8. Designing experiments

In undergraduate and MSc level courses, you will follow experiments that are well-understood and that are perhaps described by international codes and standards. Once you start pushing the boundaries of the understanding on a certain topic, you might need to device an entirely new testing method to isolate the parameter you want to study. Experiment design is not a course you can typically take, and it will take patience, failed setups, and a lot of coffees with the senior PhD students or lab staff to come up with a setup that works.

9. Taking ownership of your work

As I've mentioned before, PhD level research is not about sitting and waiting for your adviser to give you instructions on which steps to follow and just sit and crunch numbers for him/her.
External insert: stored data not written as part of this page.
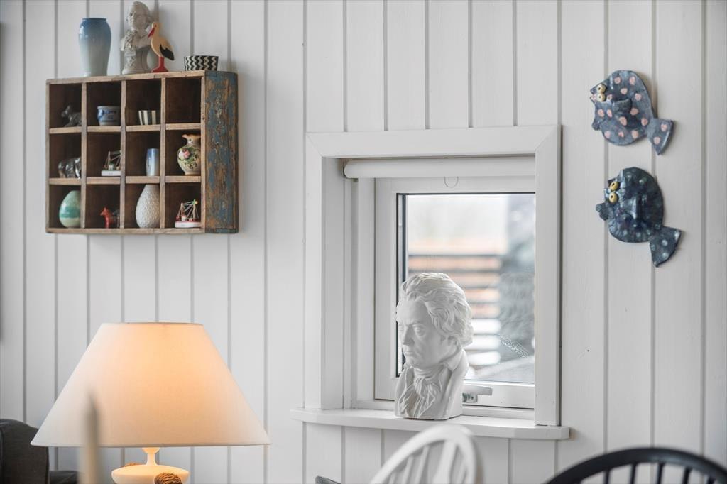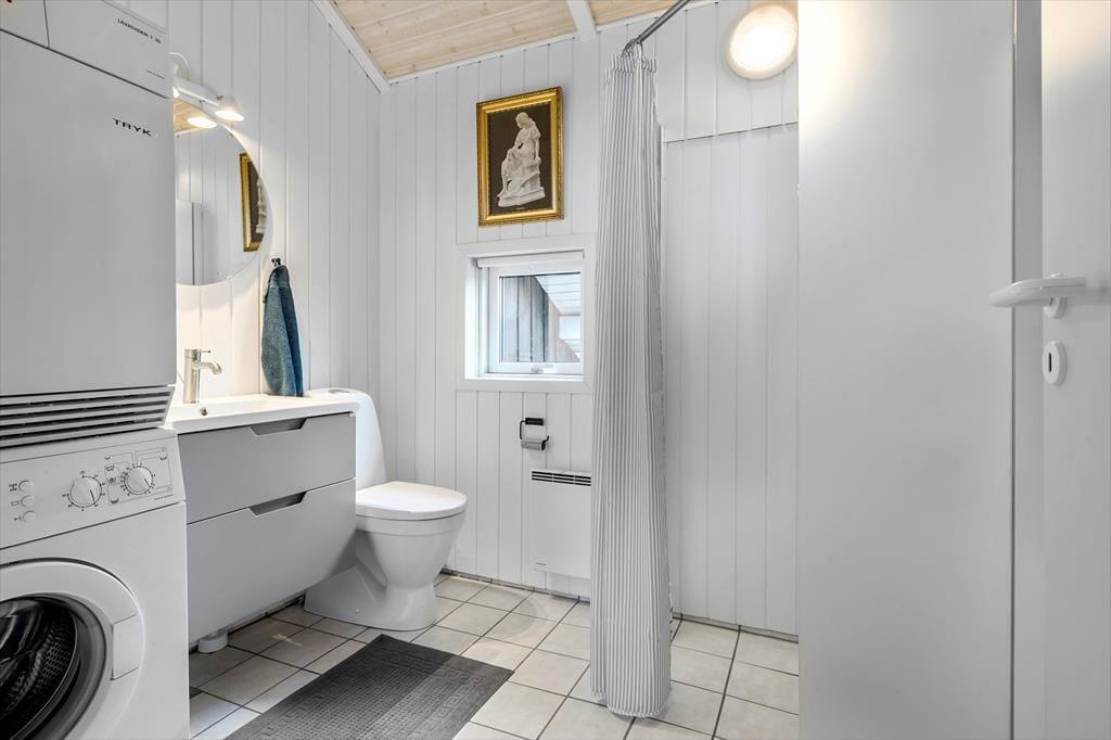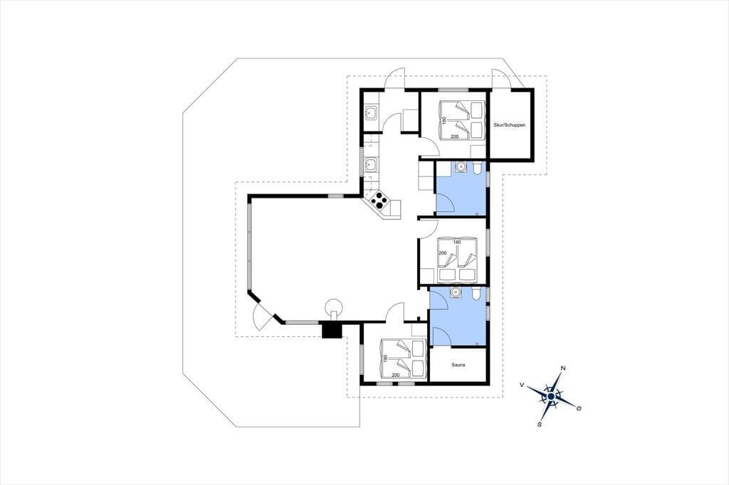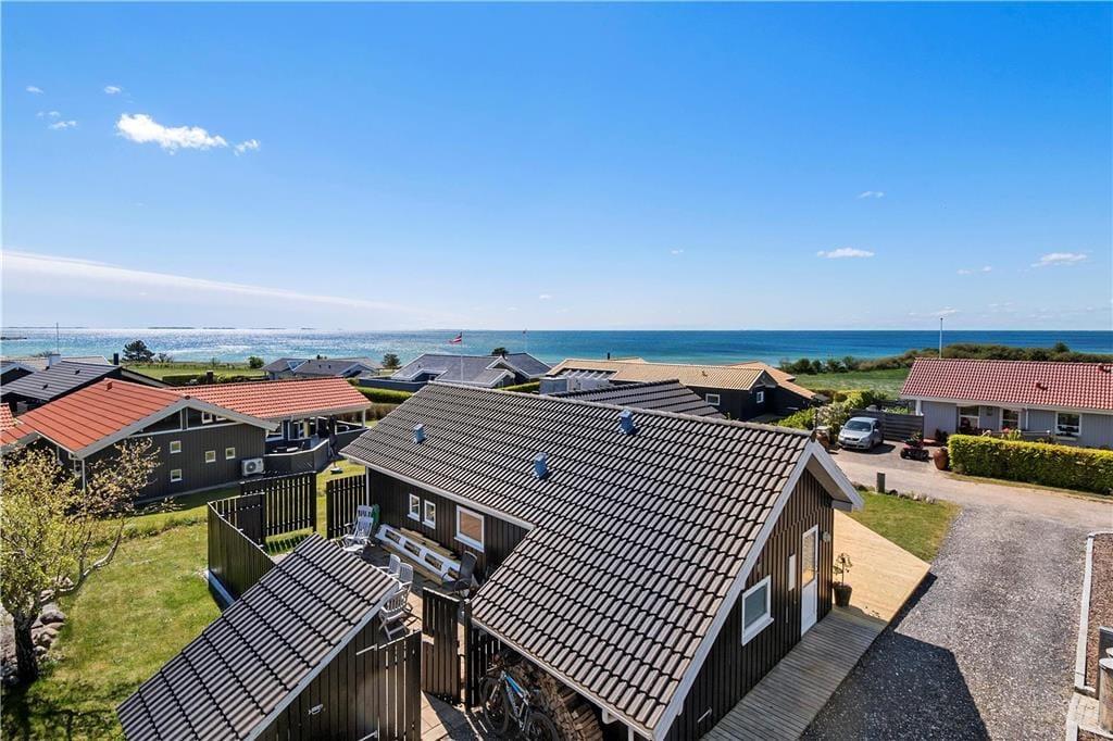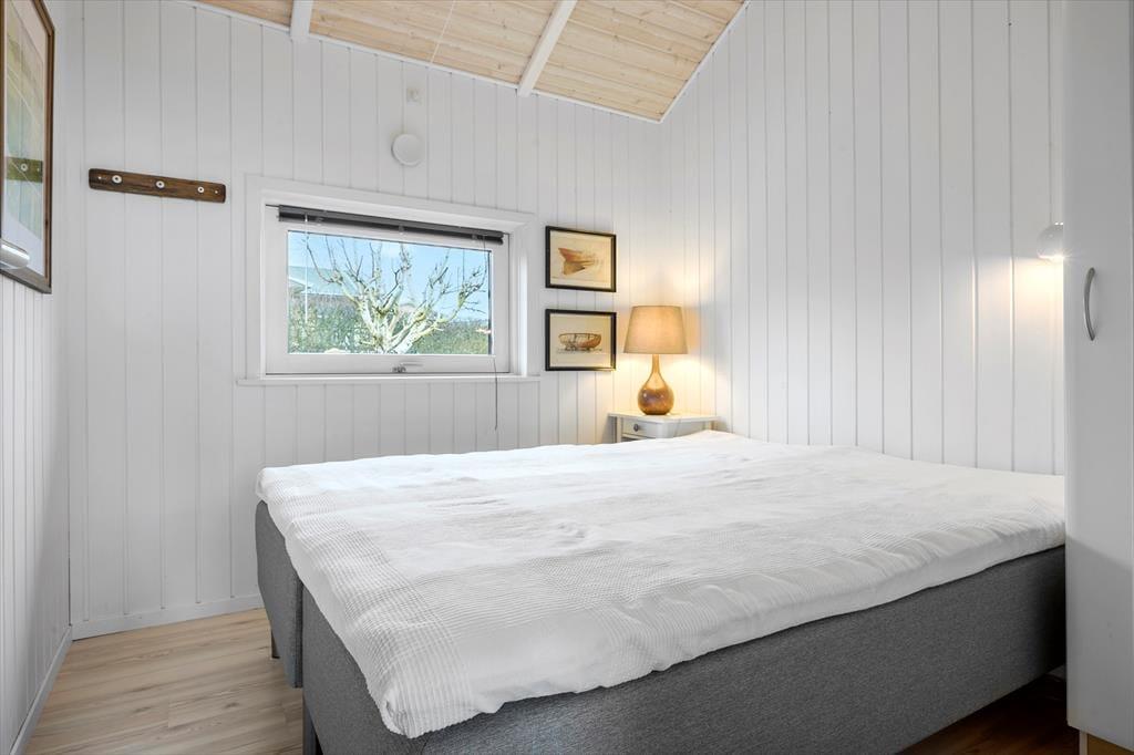 Rummeligt feriehus med havudsigt og tæt på badestrand og indkøb. Indgangsparti/bryggers, stor kombi opholds/-spisestue med brændeovn og udgang til solrig terrasse. Køkken-alrum med køleskab, fryser, microovn, opvaskemaskine, komfur m/ovn. 3 soverum, hver med 1 dobbeltseng. (2 180x200 og 1 140x200) 2 badeværelser, hver med bruseniche, håndvask/skabsarrangement, toilet. Vaskemaskine, tørretumbler samt sauna i det ene badeværelse.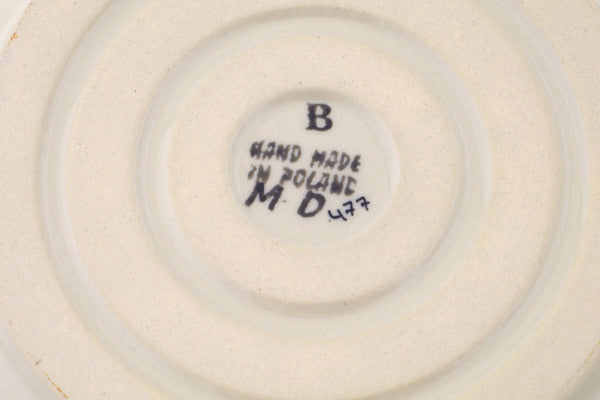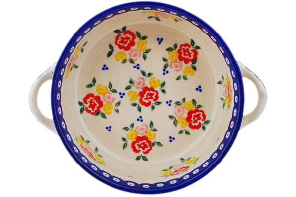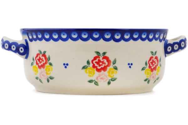 This Polish Pottery Round Baker with Handles is handmade and handpainted by the Ceramika Bona factory in Boleslawiec, Poland. Manufacturer item number H0453P. It is 2¾" high and measures 8¼" by 6½". The capacity of this Round Baker with Handles is 30.77 oz (brimful) and it weighs 1.3 lbs. It is part of the Sunny Side Blooms Collection.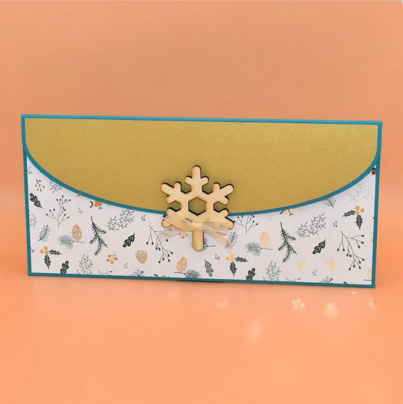 z dekoračního papíru, s dřevěným výřezem ve tvaru vločky, určená k darování peněz. Dřevěný výřez slouží jako kolíček k uzavření obálky - zasune se do připraveného očka. Dodáváme v celofánovém obalu.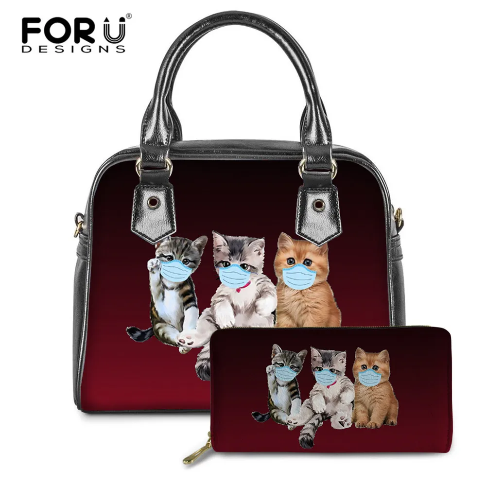 FORUDESIGNSградиент красного цвета с принтом милых животных кошка маска дизайнерские женские сумки с высокой ручкой, искусственная кожа женские сумки через плечо вместительные сумки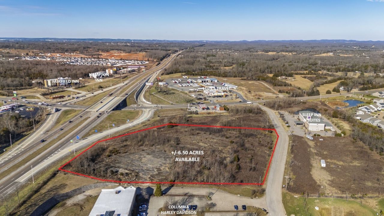 6.50 Acre Commercial Site located on the west side of Harley Davidson Blvd., just off the I-65/Bear Creek Pike Interchange (Exit 46). Site offers excellent interstate visibility and approx. 575 feet along the west side of Harley Davidson Boulevard; +/-585 feet along the east side of Interstate 65. Site adjoins Columbia Harley Davidson dealership and all utilities are available. Site is zoned CD-4C (City of Columbia) and ready for development! Overall topography is gently rolling with elevations ranging from +/-630 feet to +/-660 feet across the site.New Residential Development synergy in close proximity gaining momentum. CATCH THE NEXT WAVE! Historically, commercial development patterns have followed the I-65 corridor south from Nashville, i.e. Maryland Farms (Brentwood), Cool Springs, Goose Creek (Franklin), and June Lake (Spring Hill). The I-65/Bear Creek Pike Interchange (Exit 46) in Columbia is evolving and capturing attention as both commercial and residential development continue to expand. Bear Creek Pike (Hwy 99) serves as the primary commuter route from Columbia, TN to I-65. Existing commercial development includes Columbia Harley Davidson, Love's Travel Center, Sleep Inn & Suites, Fairfield Inn, Hampton Inn, Holiday Inn Express, Cracker Barrel, McDonalds, Waffle House, and Fast Stop Market. New Residential development in close proximity includes Bear Creek Overlook, Bear Creek Glen, Quail Run Meadows, and Bear Springs.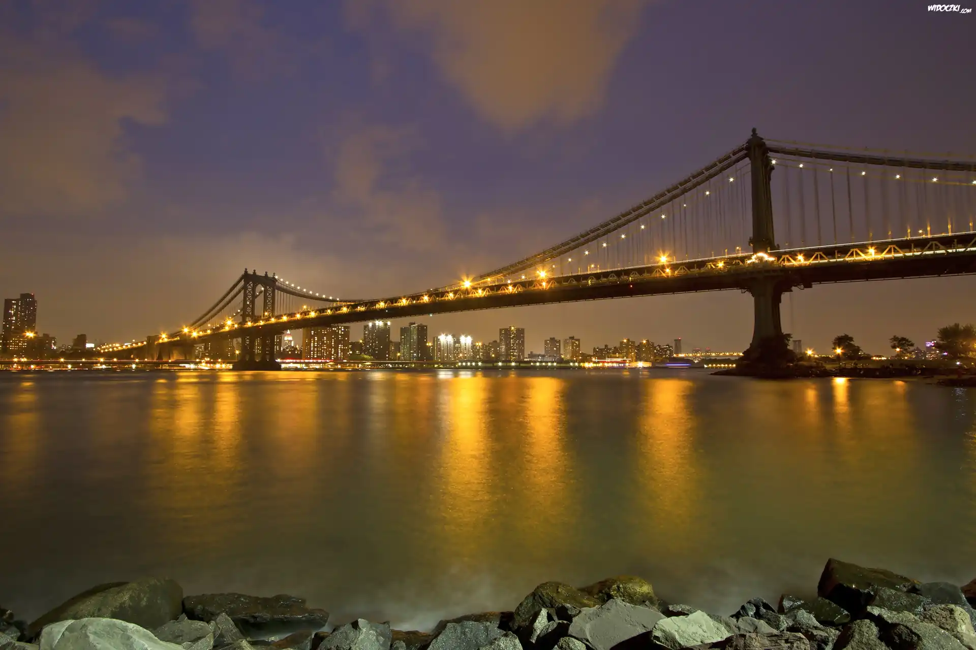 Most, Rzeka, Kamienie, Manhattan Bridge, Nowy York

At the end of your PhD, you need to show the (research) world that you are an independent researcher, ready to develop your own lines of research. Your PhD is your first step in this direction. Typically, your adviser will guide you more in the beginning, but gradually will let you loose and just ask you for your main findings. Understand that your PhD is your metamorphosis from guided MSc student to independent researcher - and anticipate the responsibilities associated therewith.

10. Bouncing back after a setback

Every PhD student goes through the Valley of Despair a number of times. Life doesn't end when you reach a dead end in your research. It's OK to be mad at the world, your experiments and your supervisor for a weekend, and spend said weekend reading fiction / gaming / cooking / hating research. But that phase will and should go - and then you need to scramble yourself together, and make course corrections in your research. With this big change, comes the humility of accepting that you are wrong, with accepting that you can't know from the very beginning what is the exact path of research. It can be painful and frustrating, but you'll need to develop the skill of taking a deep breathe, letting go, and starting over new.